December brings a mix of emotions for me, especially, these last couple of years. I love the Advent season. I light the candles, and I have such a sweet time reading books and focusing on what my savior has done for me. But, as the year comes to a close I begin to survey the past year and I am often left feeling like I haven’t done much, haven’t reached goals; for some reason I get caught up in all of my failures. Recently. I heard a sermon from one of the Pastors from Elevation Church that really helped me to refocus. Not that my failures have disappeared but my failures are actually fertilizer.

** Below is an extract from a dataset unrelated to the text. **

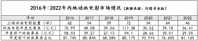 像在2016年2019这两个动画电影大年,前十动画的累计票房都分别达到了58.03亿元和94.1亿元,光是这少数几部影片的票房产出,就已经超过了2017、2018以及疫情后三年的整个动画电影市场总量。

The Pastor spoke about the Parable found in Luke 13:6-9:
And he told this parable: “A man had a fig tree planted in his vineyard, and he came seeking fruit on it and found none. 7 And he said to the vinedresser, ‘Look, for three years now I have come seeking fruit on this fig tree, and I find none. Cut it down. Why should it use up the ground?’ 8 And he answered him, ‘Sir, let it alone this year also, until I dig around it and put on manure. 9 Then if it should bear fruit next year, well and good; but if not, you can cut it down.’”
From the sermon I took the following understanding: For a year and a half I got comfortable and I started to depend on myself and another person to meet my needs rather than God Himself. I depended on my work history, my internships, my connections, my education and a person instead of God. My life stopped producing good fruit. God is holy and He does not want dying fruit. But Christ in His grace stepped in and said let me step in and help her produce good fruit. In order to help me produce good fruit Christ has dig down to the root, find out what is stopping the nutrients not getting to the roots. The same concept of finding the spiders instead of simply destroying the cobwebs (See Day 24). Than. after the roots are exposed manure must be poured around the edges to build up the plant. Manure is often our failures, the painful things, the dry spots, the wilderness wonderings. So, I may not have accomplished all of my goals, things felt frustrating and dry but my hope comes because I know my failures are my fertilizer . I know that God has been working through each moment of my life so that I will bear fruit for Him.
On that note, if you remember on Day 9 I wrote a post called “Create a job for me!” Well, today I am having a conversation with the president of Cairn University. I am not sure what is going to come of this phone call but I am praying it is an open door… Wish me luck!